Dhlakama was speaking about the Nampula mayoral by-election held in January, with a second-round run-off between the Renamo and Mozambique Liberation Front (Frelimo) candidates expected.
He said that the flaws detected in the process reflected a national disease, namely Frelimo party representation in election management bodies.
Dhlakama’s comments come eight months before the start of a new electoral cycle, with the municipal elections scheduled for October 10, general elections taking place in 2019, and the electoral census expected to start in three weeks, on March 1st.
The Renamo leader advocates that the STAE be subordinated to the National Election Commission, rather than working alone.
“The problem is that we have two independent bodies,” and while Renamo is represented in the CNE, it only has access to STAE “at electoral time”.

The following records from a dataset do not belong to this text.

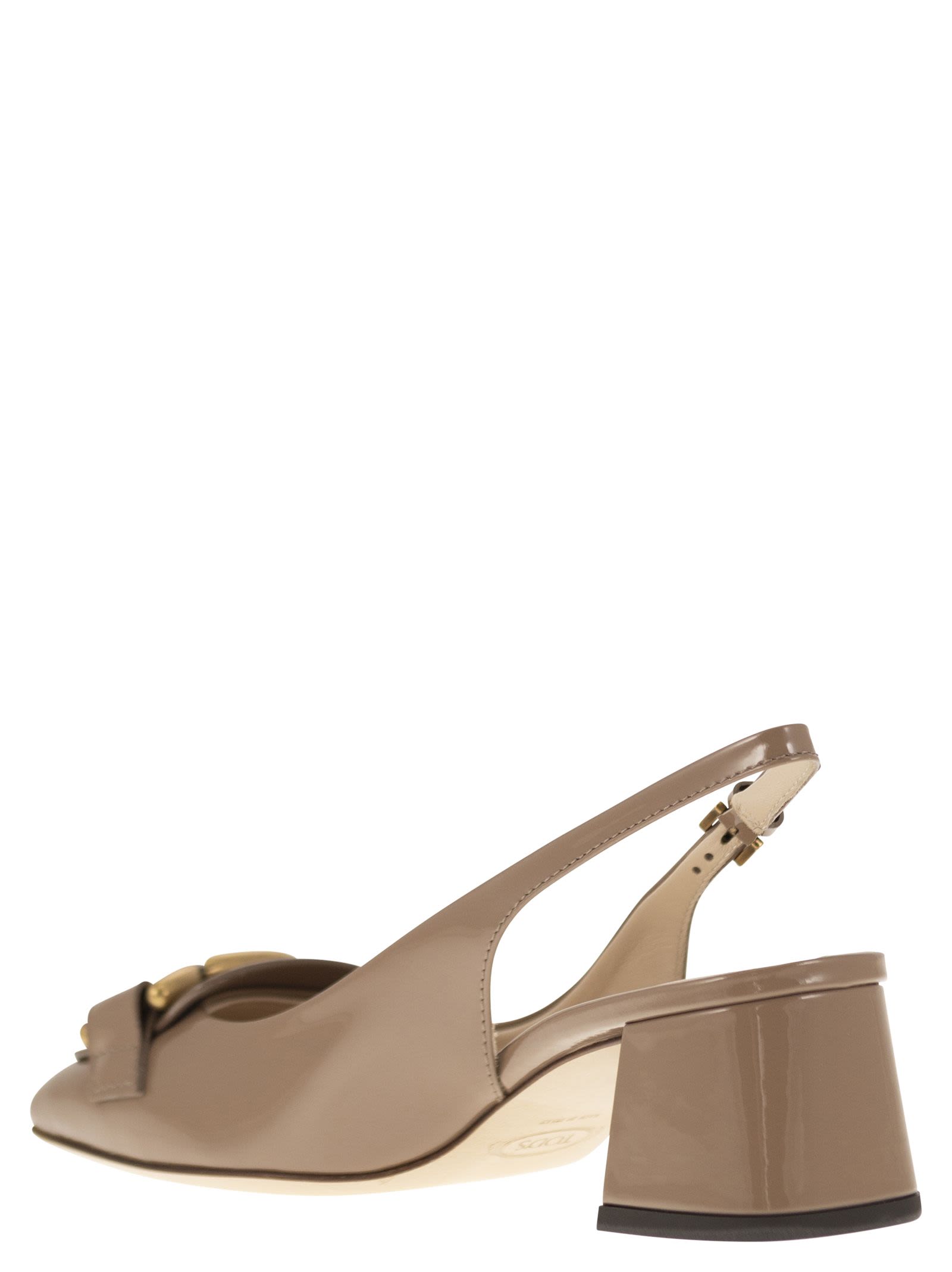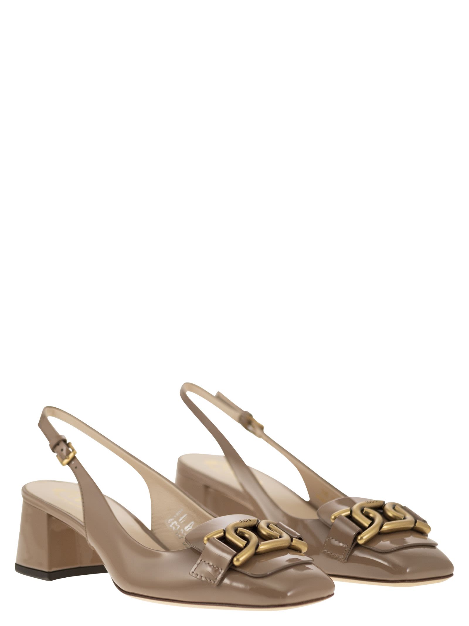 Bomba de hojas de cuero de patente con dedo cuadrado y accesorio icónico de cadena de metal personalizado. Con un talón cubierto mediano y una suela de cuero, es un modelo refinado que combina comodidad y elegancia. - Superior de cuero de piel de ternera - Acabado varnado - Accesorio de cadena de metal personalizado - Correa del talón - ID de diseñador de plantillas de cuero: XXW96K0IB60SFKC413
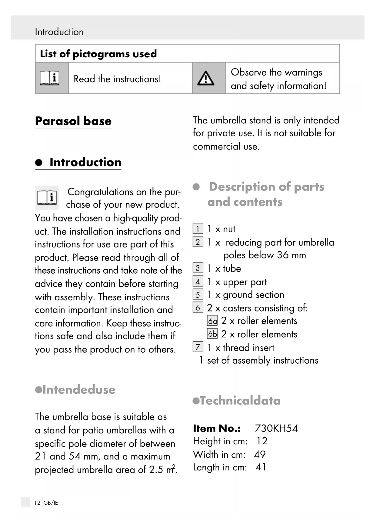 1 x thread insert 1 set of assembly instructions Technical data Item No.: 730KH54 Height in cm: 12 Width in cm: 49 Length in cm: 41 Introduction / Safety notes13 GB/IE Introduction Introduction / Safety notes Compatible pole diameters in mm: 21–54 Weight in kg: approx. 30 when fully filled with sand Pole geometry in connection area: round max. umbrella weight in kg: 5 max. umbrella surface: 2.5 m
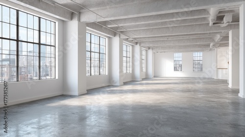 Bright and Spacious Empty Industrial Loft Interior with Polished Concrete Floors and Large Windows
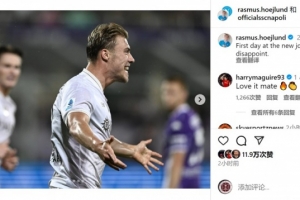 霍伊伦社媒晒出庆祝进球的照片,配文:“新工作的第一天没有让人失望。”
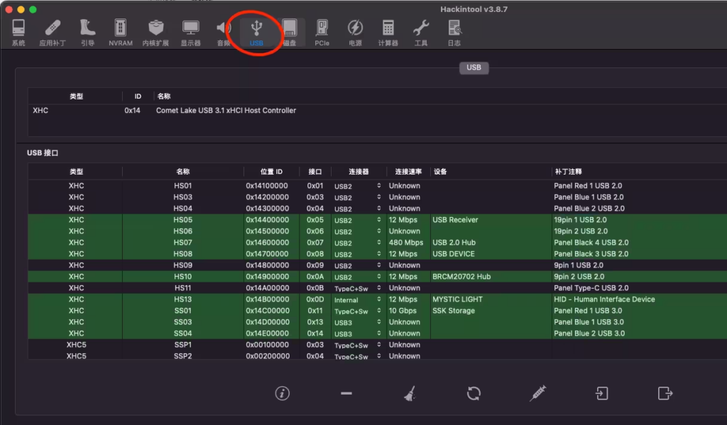 操作很简单,首先如果你已经驱动原有的无线网卡,则需要去oc的kext列表将原有的网卡驱动禁用或删除。随后,使用hackintools查看原网卡对应的usb接口名称,我这边是HS14,图里因为已经被屏蔽了所以没有显示,每个电脑都不同,需要你自己去查看。
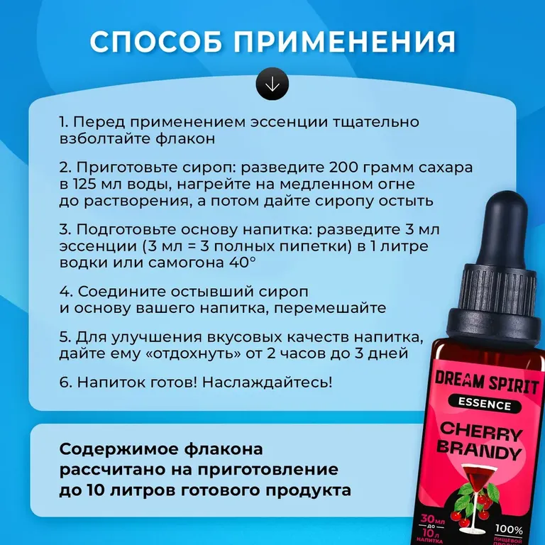 Окунитесь в мир чарующего и роскошного вишневого бренди с эссенцией Dream Spirit "Черри-бренди\Cherry Brandy", которая подарит вашему напитку яркие и сочные оттенки спелых вишен, наполнив каждый глоток гармоничным сочетанием фруктовой сладости и изящных древесных нот. Превратите вашу вечеринку в настоящее гастрономическое событие, добавив немного эссенции "Черри-бренди\Cherry Brandy" в ваш дистиллят или водку. Эта эссенция также идеально подходит для создания разнообразных коктейлей и кулинарных экспериментов. Добавьте неповторимый вкус и аромат вашим десертам, пирогам, выпечке, кексам и тортам, удивите своих гостей настоящими шедеврами.
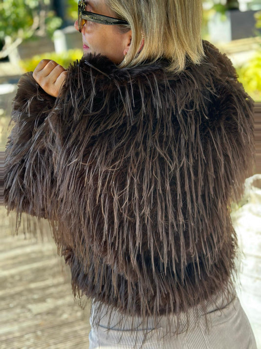 AusverkauftFluffige Felljacke in Chocolate
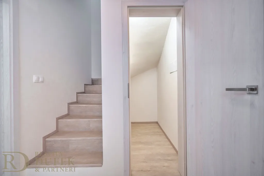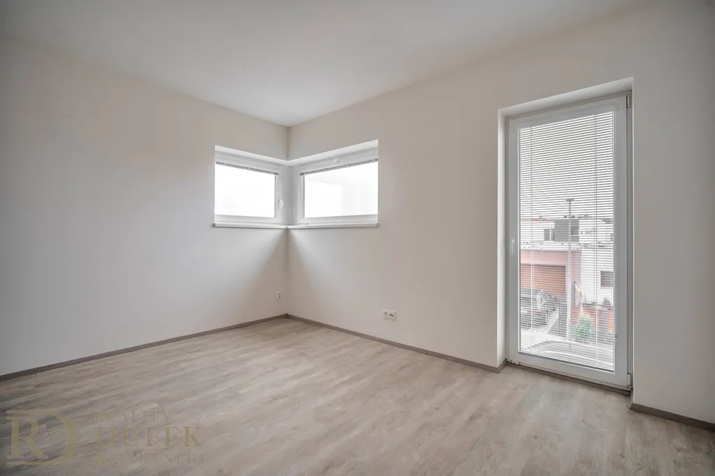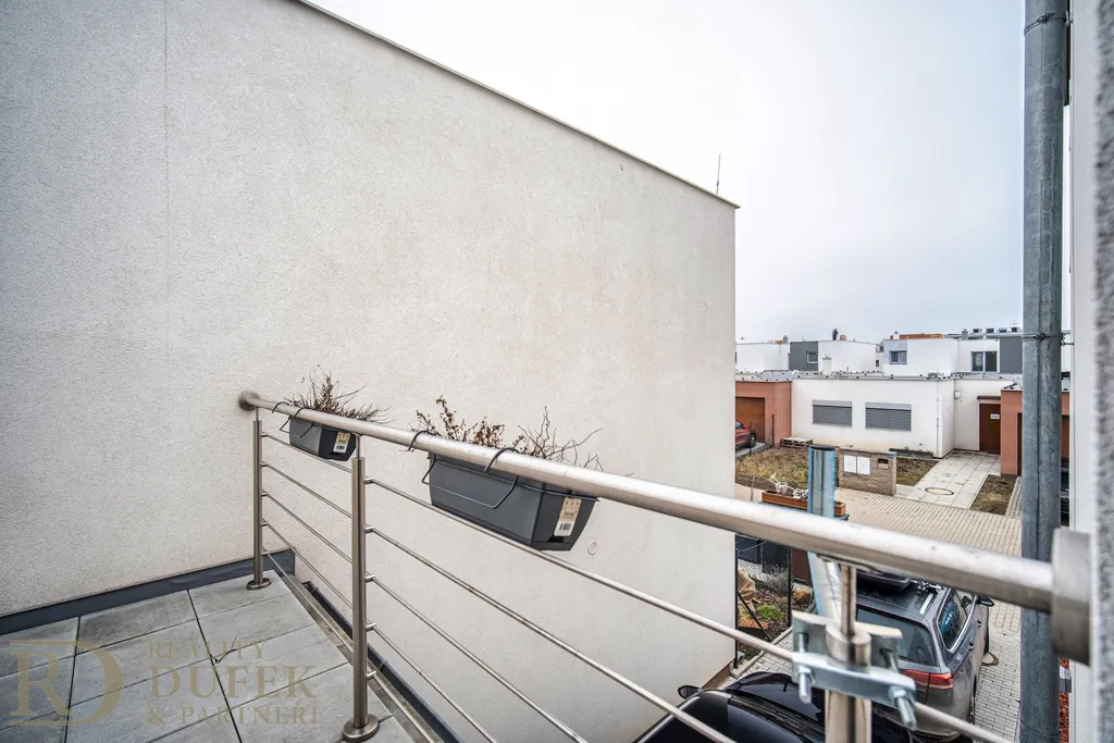 Součástí domu jsou dvě terasy, z nichž jedna plynule navazuje na menší zahradu s příjemným výhledem do zeleně, která nabízí klidné místo pro relaxaci, posezení nebo rodinné aktivity. K nemovitosti náleží také dvě venkovní parkovací stání.

The other members of the body “remain on their own for five years cooking up the fraud and all that”, which Dhlakama calls the “confusion” [confusão] visible in the Nampula election, namely flaws in the electoral rolls also criticised by civil society organisations.
The Renamo leader told Lusa that the party would demand that the STAE at all hierarchical levels (central, provincial, district and city) be a body of “technical elements receiving orders and subordinating themselves” to the CNE, so as to be able to “control the situation”.
Dhlakama complains that there were residents in Nampula who had “lost their cards” because they were the same as in 2014, “and people think that in each election a new card is needed” – but for this by-election there was no census.
“Many people no longer had voter cards,” he says, and, against what is provided for by law, they were not allowed to vote after identifying themselves with an identity card.
In other cases, there were “names changed on purpose” in the registers, in what Dhlakama classifies as a set of problems detected in neighbourhoods that usually support Renamo in particular.
“This is what happened in Nampula,” Dhlakama said, and this prevented the main opposition party from winning in the first round.
He wants to see the registers corrected for the second round of voting, whose date is yet to be announced, and for Renamo to take an active role in overseeing the next electoral census.